EDDIE MARTINEZ: Table Paintings
Eddie Martinez, Intergalactic Go Fish, 2007, acrylic, oil, and spray paint on canvas, 60 x 72 inches.
TO BE AUCTIONED AT PHILLIPS ON JULY 8, 2020.
Over the past decade, New American Paintings alum Eddie Martinez (Issue #68, 2007) has become widely recognized as one of the great painters of the early 21st-Century. His resume now boasts dozens of exhibitions at galleries and museums, internationally. In recent years, he has become one of the most highly sought-after artists by an international collector base who have driven up the artist’s secondary market prices. (In November 2019, a large canvas by Martinez fetched $2,000,000 at Christies.)
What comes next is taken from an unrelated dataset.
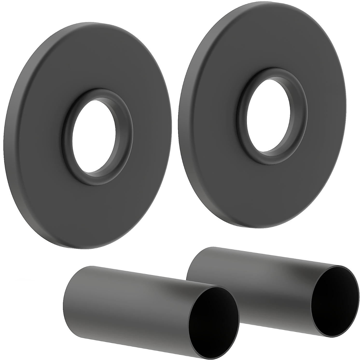 L'ensemble de masquage se compose de deux rosaces simples et de manchons destinés au montage de kits thermostatiques et de vannes de radiateur
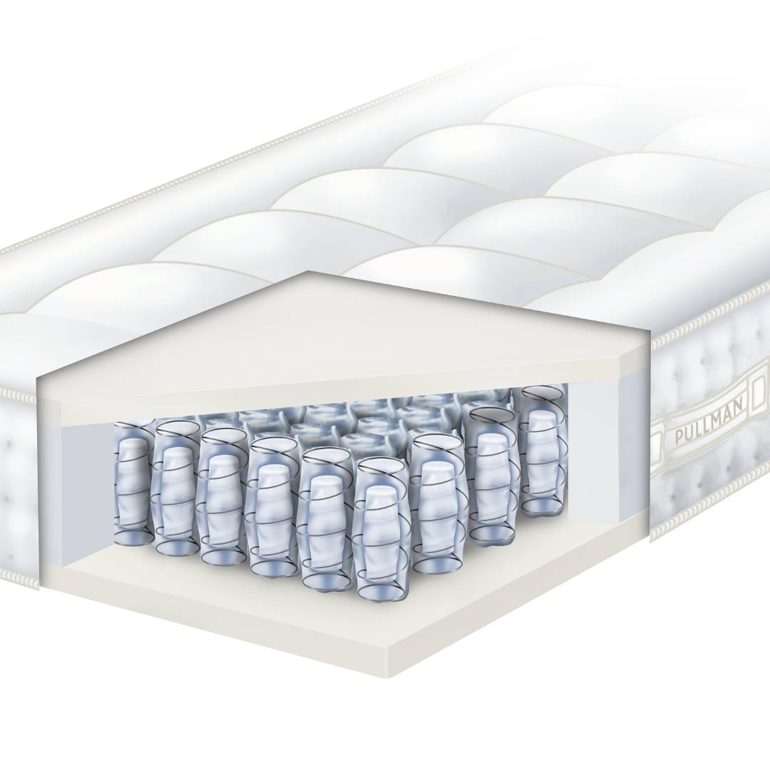 Op een Pullman Goldline matras slaap jij op de beste materialen. Dit merk je elke nacht opnieuw weer, of je hem gisteren hebt gekocht of er al jaren op ligt. De Pullman Goldline matrassen zijn er voor iedereen. Of je nu houdt van een stevig of weldadig zacht matras. Er is altijd een Pullman Goldline matras dat past bij jouw wensen. Alle Pullman Goldline matrassen hebben een Inside Pocket vereninterieur. Deze verenkern past zich perfect aan naar de vorm van jouw lichaam. Elke veer heeft een grote en een kleine veer, waarbij de kleine veer in de grote is geplaatst. De buitenste veer past zich snel en soepel aan naar jouw lichaamscontour. De kleine veer zorgt voor meer ondersteuning op de plekken die jouw lichaam nodig heeft.

The desirability of his work is not hard to understand. Martinez effortlessly brings together rangy, yet urgent draftsmanship with an intuitive sense of color that make his work instantly recognizable and potent. It is a powerful combination that brings together myriad influences from street art to DeKooning to Guston. While Martinez has, at various points, veered closely to pure abstraction, there are certain forms and symbols that have consistently appeared in his work since the earliest days. These “images” often anchor Martinez’s work and offer him a home base for what then becomes an explosion of color and line.
Eddie Martinez, The Feast, 2010. Courtesy of Saatchi Gallery
A number of the artist’s most recognizable works utilize the table as a central compositional element. The table, of course, has long been a popular subject in painting; Dutch genre painting is replete with table scenes; Cezanne consistently used it as a compositional device, perhaps most famously in “The Card Players”; and contemporary artists such as Nicole Eisenman and Dana Schutz have utilized it with great success in a number of major works. But why is the table such a compelling subject?
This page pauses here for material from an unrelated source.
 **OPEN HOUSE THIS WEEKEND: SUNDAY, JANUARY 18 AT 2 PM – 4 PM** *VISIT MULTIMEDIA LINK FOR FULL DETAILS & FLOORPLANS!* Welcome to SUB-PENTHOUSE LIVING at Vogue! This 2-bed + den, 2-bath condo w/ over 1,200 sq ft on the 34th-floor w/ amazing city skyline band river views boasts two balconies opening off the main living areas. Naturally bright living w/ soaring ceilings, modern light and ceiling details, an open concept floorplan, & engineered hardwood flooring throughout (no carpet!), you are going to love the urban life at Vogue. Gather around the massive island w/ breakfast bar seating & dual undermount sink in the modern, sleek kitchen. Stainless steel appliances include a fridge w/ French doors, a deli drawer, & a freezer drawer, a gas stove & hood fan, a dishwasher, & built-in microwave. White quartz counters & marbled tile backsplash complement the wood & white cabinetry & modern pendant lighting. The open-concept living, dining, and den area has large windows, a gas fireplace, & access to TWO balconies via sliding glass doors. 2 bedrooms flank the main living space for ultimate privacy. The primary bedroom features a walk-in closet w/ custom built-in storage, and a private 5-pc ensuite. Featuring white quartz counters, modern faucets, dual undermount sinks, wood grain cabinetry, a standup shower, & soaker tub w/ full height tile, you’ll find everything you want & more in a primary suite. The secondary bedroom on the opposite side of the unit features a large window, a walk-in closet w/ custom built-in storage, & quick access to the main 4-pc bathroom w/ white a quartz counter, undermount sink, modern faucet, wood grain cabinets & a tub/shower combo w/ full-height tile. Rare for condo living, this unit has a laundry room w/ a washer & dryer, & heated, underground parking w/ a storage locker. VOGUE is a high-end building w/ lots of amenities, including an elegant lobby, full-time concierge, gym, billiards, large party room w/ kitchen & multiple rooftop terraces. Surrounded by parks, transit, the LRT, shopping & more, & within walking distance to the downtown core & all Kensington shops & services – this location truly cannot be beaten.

The answer to that question lies in the table’s malleability both psychically and compositionally. Tables are a part of all of our lives. We sit at them to work, eat, play games, socialize, read and engage in any number of activities. Tables are often the locus of important conversations, arguments, laughter and communion with friends and family. All of us understand the table as a physical object and an emotional space. For painters, the image of a table carries all of this psychological resonance with it and, from a compositional standpoint, it provides an ideal, knowable and geometric armature that can anchor a range of formal and subject based decisions.
Eddie Martinez, Your Past is My Future, 2011.
Eddie Martinez, Table Quilt Table #2, 2008.
Eddie Martinez, The Grass in Never Greener, 2009.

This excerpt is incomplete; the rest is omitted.